ProfitInc and Forosuka had actual awareness that they were never to open the Everlasting valve without the product feed from the fluid bed reactor open and flowing. The documentation clearly shows that if the product feed is lost or shut off, the feeder must be stopped to prevent the level of product from dropping below the top of the exchanger plates. On March 3, 1999, to the contrary, the product feed from the reactor was intentionally shut off by ProfitInc employees, the Everlasting valve was opened, and the feeder was running. This circumstance coupled with the lack of product in the cooler and the rat-hole effect allowed the process gases to escape, thus causing the conflagration. It was clearly explained in the Danniko documentation to Forosuka that this situation was to be avoided. ProfitInc knew this, yet proceeded on March 3, 1999, to create this malicious situation.

Thus, proper acknowledgment of either of the three hazard indicators would have signaled a ProfitInc employee that the weigh belt conveyor (feeder) should have been stopped pending resolution of the problem. Clearly, it was within Forosuka and ProfitInc's knowledge that if the process gases interacted with the open air of the pit, combustion could occur, thus severely injuring or killing those in the pit. In our opinion, these factors raise a fact issue for the jury as to whether the failure of Forosuka and ProfitInc to apply the knowledge which they had to protect Hunter and others from extreme risk of harm constitutes malice.

X. CONCLUSION

As should be clear from the information which we are providing and which we will supplement in the videotape which we are preparing for the mediation, we are taking an open disclosure policy in order to provide everyone sufficient information for evaluation of the case. It is our opinion from our knowledge of the facts surrounding liability.
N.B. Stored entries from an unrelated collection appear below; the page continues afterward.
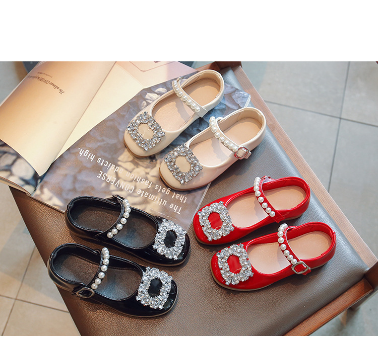 어린이 공주 신발 2025 봄 가을 신상 여아용 크리스탈 진주 단화 아기 레트로 블랙 가죽 신발스토어 가기
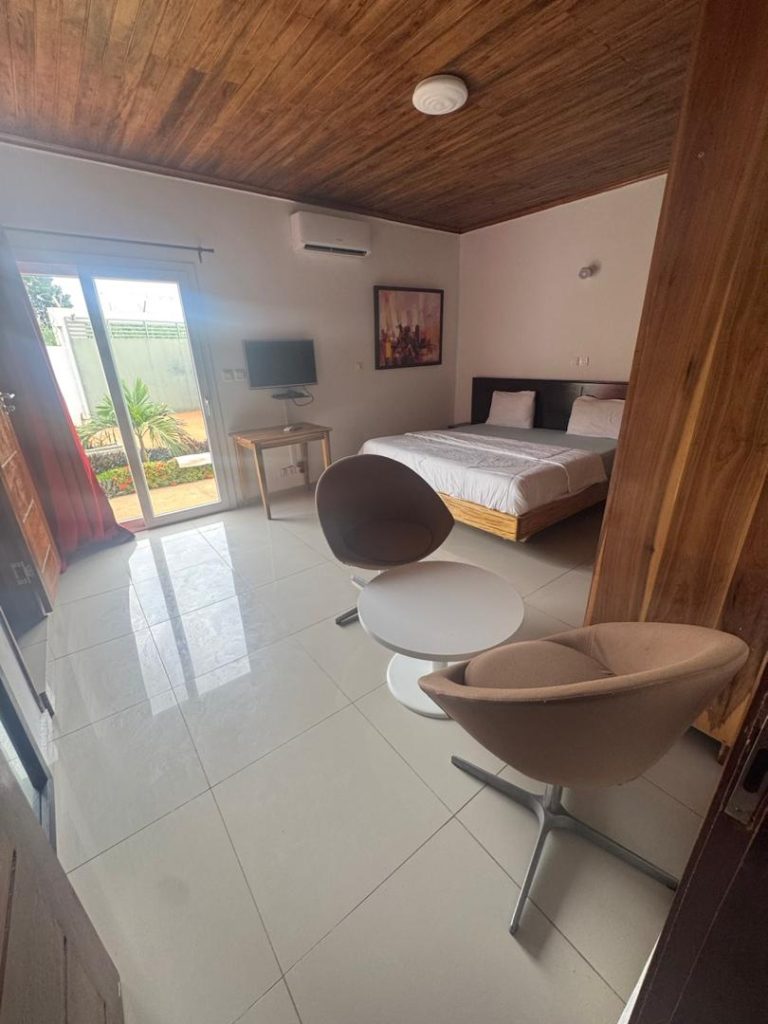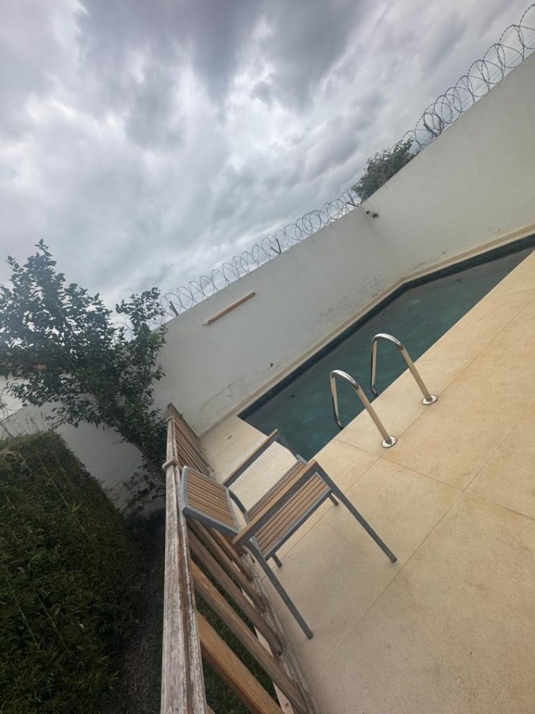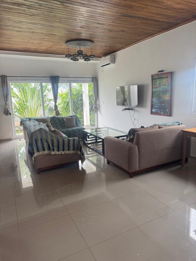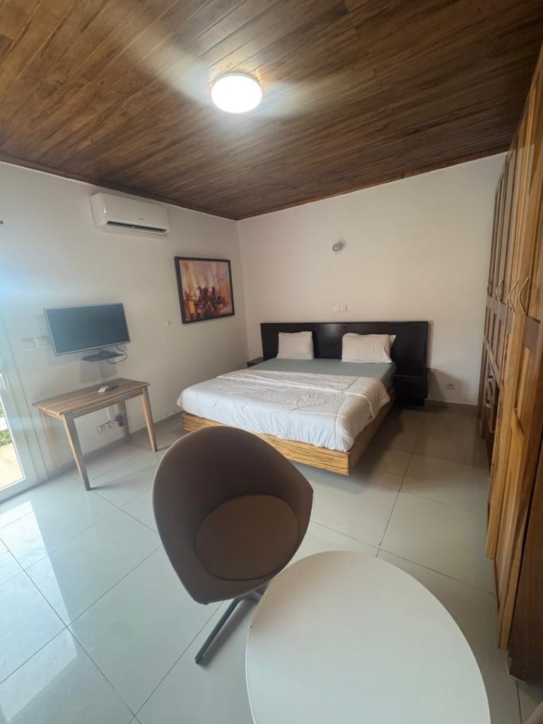 Résidence meublée de 5 pièces avec piscine située à Yamoussoukro M Lok Ambassade derrière le Stade de Yamoussoukro, dans un environnement calme, sécurisé et facilement accessible. Elle est composée d’une Piscine , d’un salon, de quatre belles chambres confortables et d’une cuisine équipée et fonctionnelle ainsi que d’une salle d’eau moderne. La résidence est entièrement meublée, climatisée et dispose des commodités essentielles telles que l’eau, l’électricité et une connexion Wi-Fi. Idéale pour les courts et longs séjours, elle convient aussi bien aux particuliers qu’aux professionnels recherchant confort et praticité.
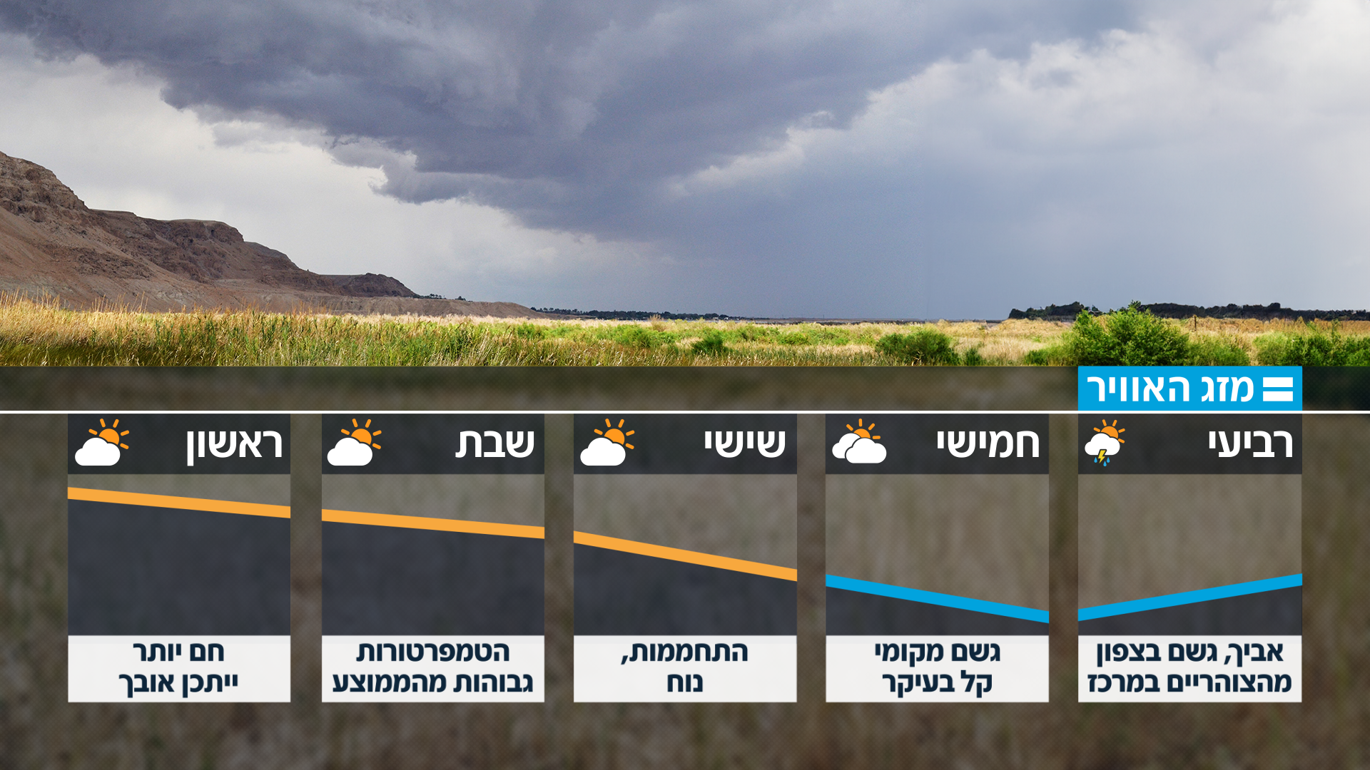 בשעות הערב הגשם ייחלש אך יוסיף לרדת לפרקים. מחר עדיין צפוי גשם מקומי קל, בעיקר במחצית הראשונה של היום. לקראת סוף השבוע תחול התחממות משמעותית, והטמפרטורות יעלו אל מעל לממוצע לעונה – מגמה שתימשך גם בתחילת השבוע הבא.
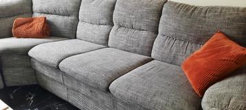 Gratis op te halen: royale hoekbank, bestaande uit een 2-zits, hoek en een 3-zits gedeelte. De bank is bekleed met een gemêleerde grijze stof. Afmetingen: ongeveer 2,6 x 3,2 meter. De bank is in goede
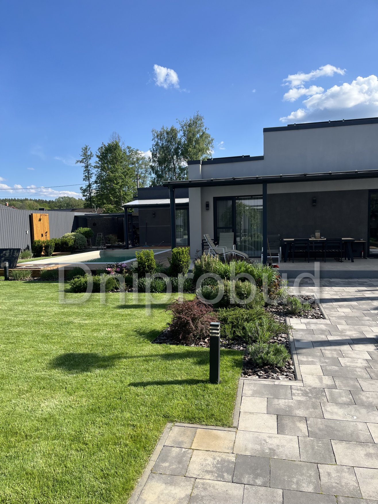 В связи с тем, что грунты на участке песчаные, для организации полива с оптимальным использованием воды частично был заменен песок под газоном на суглинок с трамбовкой. Очистка воды для использования в хозяйстве и оборудование для бассейна размещены в одном техническом помещении рядом с бассейном, что позволило оптимизировать трассы водоснабжения, включая подогрев воды в бассейне и подачу воды в гостевой дом.
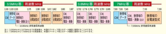 3.5MHz帯・3.8MHz帯・7MHz帯
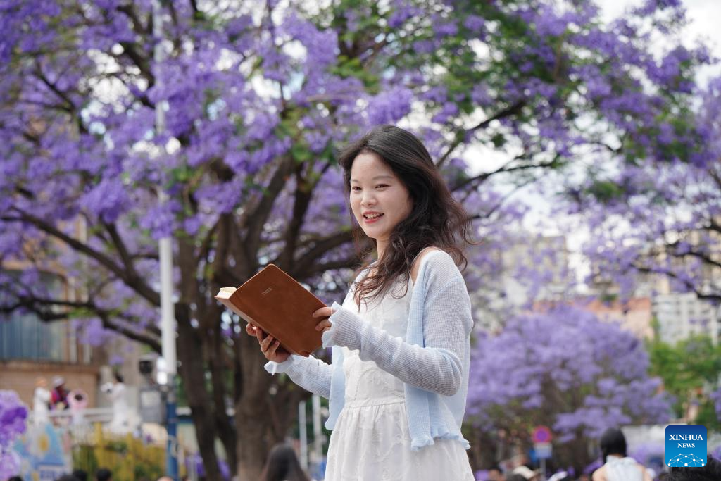 Una joven posa para una foto con jacarandas en flor en Kunming, provincia suroccidental china de Yunnan, el 4 de mayo de 2025. (Xinhua/Gao Yongwei.)
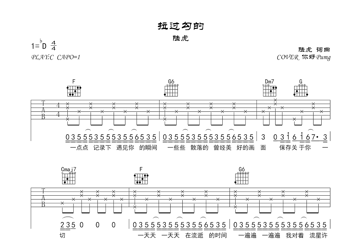 《拉过勾的》吉他纯净版...你好Pumg Cover,根据原视频细节完美扒谱,非常适合单吉他弹唱,与试听音频完全一致,请试听满意后再进行购买
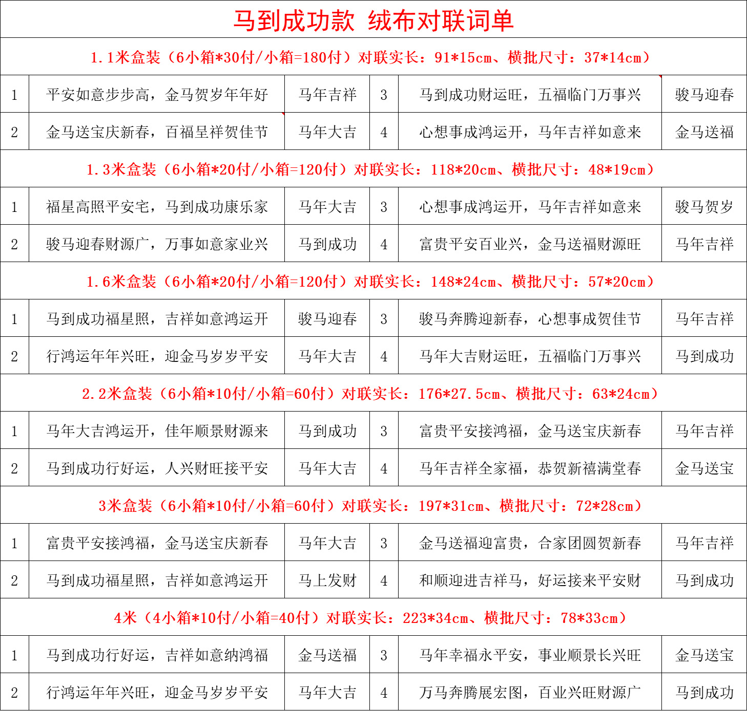 | 加厚(绒布全背胶生肖款)对联1.3# | USD $3.25 | 12120 pair available |
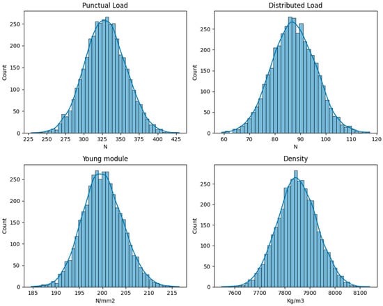 Histogram of the input parameters, point load, distributed load, Young’s modulus, and density, showing their respective ranges and frequencies.
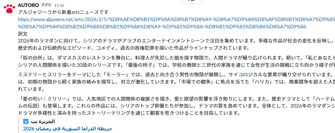 text: "アルジャジーラから新着artsニュースです\n${articleURL}\n訳文\n${gptResult}"

Harry and Charlott Hunter have expressed two points to us as their attorneys which we are free to share with you. First, they would like to settle this case in order to get on with rebuilding their lives. Secondly, they have suffered extensively and will continue to suffer extensively as a result of the negligence of the Forosukas and they expect to be fully compensated for their unnecessary suffering. Therefore, we are instructed by our clients to make every reasonable effort to settle this case for its full settlement value but if the case cannot be settled at this mediation, we are instructed to withdraw from settlement negotiations and proceed to trial at the earliest possible setting.

If further information which is under our control is needed to help in the evaluation of the case, please notify us immediately and we will attempt to obtain it for you.